The present invention provides a kind of to be declined the blood viscoelastic force measuring device and method of hanging bridge sensor based on pressure drag, including microfluidic device, the microfluidic device includes substrate, upper surface of base plate is carved with microchannel, microchannel input terminal is dual-port, output end is single port, pressure drag is installed to decline hanging bridge sensor in microchannel, liquid flows out after the micro- hanging bridge sensor of pressure resistance type from output end after two input terminals flow into and converge；Permanent magnet, the permanent magnet are placed in microfluidic device two sides, for providing stationary magnetic field for the pressure drag hanging bridge sensor that declines；Signal motivates detection circuit, and signal excitation detection circuit connection pressure drag declines hanging bridge sensor, for measuring the viscous force variation during blood coagulation.The present apparatus can fast and accurately measure the viscoelastic power of blood sample using less blood volume, meet the needs of clinical hemostasis examination analysis now.

Description

It is declined the blood viscoelastic force measuring device and method of hanging bridge sensor based on pressure drag

Technical field

The present invention relates to a kind of for quickly detecting the measuring technique of blood viscoelastic power, more particularly to one kind based on pressure resistance type The viscoelastic force measuring device and method of the micro blood sample of micro- hanging bridge sensor.

Background technique

Blood coagulation is the process that the blood flowed becomes curdled appearance, and essence is exactly that the soluble fibrin in blood plasma is former Become insoluble fibrinous process.The detection of coagulation function to the judgement of the prediction of postoperative blood loss risk, cause of bleeding, Instruct haemostatic measures implement etc. it is all of crucial importance, especially amount of bleeding it is biggish operation as cardiovascular surgical procedure, obstetric operation, Bone surgery etc. is particularly important.

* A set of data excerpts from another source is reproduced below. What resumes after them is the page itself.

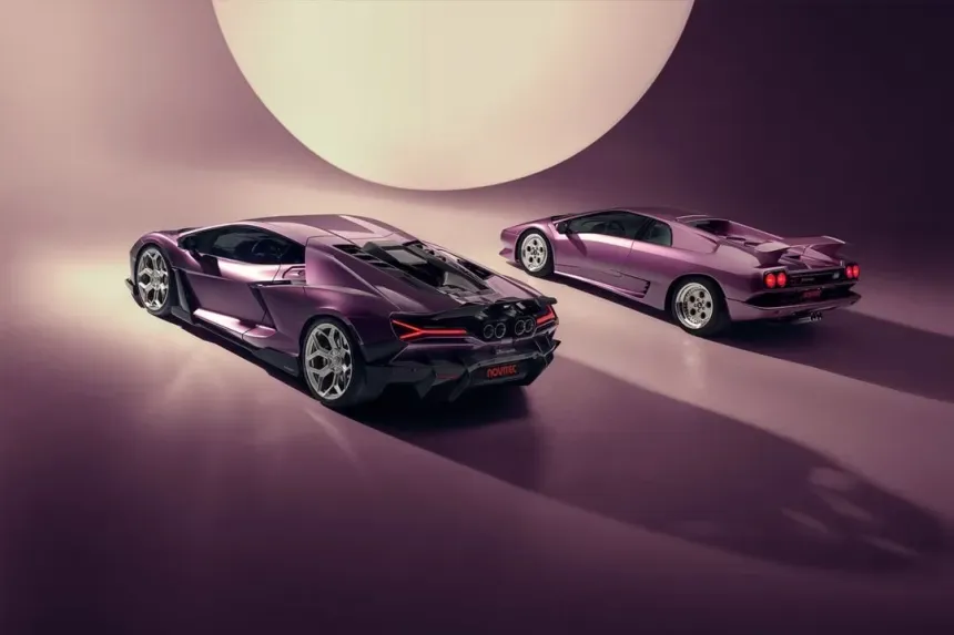 A newly revealed Lamborghini Revuelto modified by Novitec is drawing attention for its understated yet striking approach to supercar tuning. Shared recently on social media, the vehicle stands out in a satin-like purple finish complemented by black accents, presenting a bold yet refined visual identity. In several images, the car appears alongside a classic Lamborghini Diablo, highlighting a blend of modern performance and heritage design.
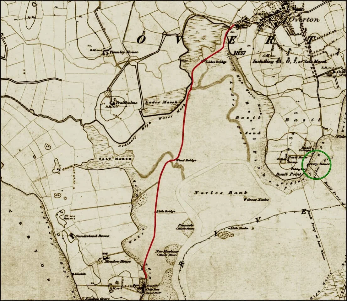 The landing stage at Overton (green) and the causeway (red) on the 1840s Ordnance Survey Map: Courtesy National Library of Scotland.
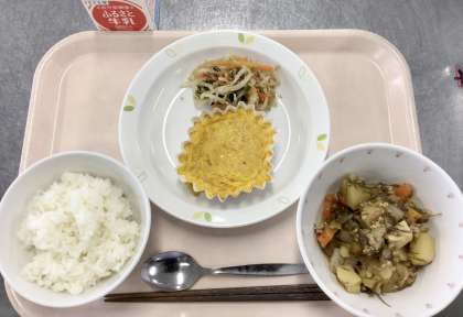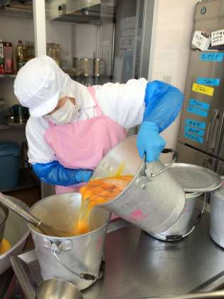 今日の卵焼きに使った卵の量は約700個です。それをひとつひとつ手で割って、卵焼きを作っています。1年生はカップに入った黄色い食べ物を不思議そうに「これなんですか?」と聞いていましたが、卵焼きを一口食べたら「うまっ」とつぶやいていました。

At present the common method of hemostasis examination have platelet count, fibrinogen concentration, thrombelastogram instrument (TEG), Rotate thrombus elasticity measuring method (ROTEM), the thrombus elastic force detection based on electromagnetic sensor etc..Platelet count, fibrin Original content detection time is long, generally wants 45-60 minutes.Thrombelastogram instrument needs are not easy to keep straight when cup head is put into cup body It is vertical, cause probe to be not easy to be aligned when being inserted into cup head, is unfavorable for upper cup operation.Above method sensitivity is low, and detection every time The blood volume needed is on the high side, therefore, has been difficult to meet the needs of clinical hemostasis examination analysis now.

Summary of the invention

For the deficiency for solving current technology, the present invention combination prior art provides a kind of based on pressure from practical application The blood viscoelastic force measuring device and method of the micro- hanging bridge sensor of resistive, can be using less blood volume to blood The viscoelastic power of sample is fast and accurately measured, and meets the needs of clinical hemostasis examination analysis now.

Technical scheme is as follows:

It is declined the blood viscoelastic force measuring device of hanging bridge sensor based on pressure drag, comprising:

Microfluidic device, the microfluidic device include substrate, and upper surface of base plate is carved with microchannel, and microchannel input terminal is Dual-port, output end are single port, and pressure drag is equipped in microchannel and is declined hanging bridge sensor, and liquid is flowed into through two input terminals And it is flowed out after the micro- hanging bridge sensor of pressure resistance type from output end after converging；

Permanent magnet, the permanent magnet are placed in microfluidic device two sides, for providing perseverance for the pressure drag hanging bridge sensor that declines Fixed-field；

Signal motivates detection circuit, and signal excitation detection circuit connection pressure drag declines hanging bridge sensor, for measuring Viscous force variation during blood coagulation.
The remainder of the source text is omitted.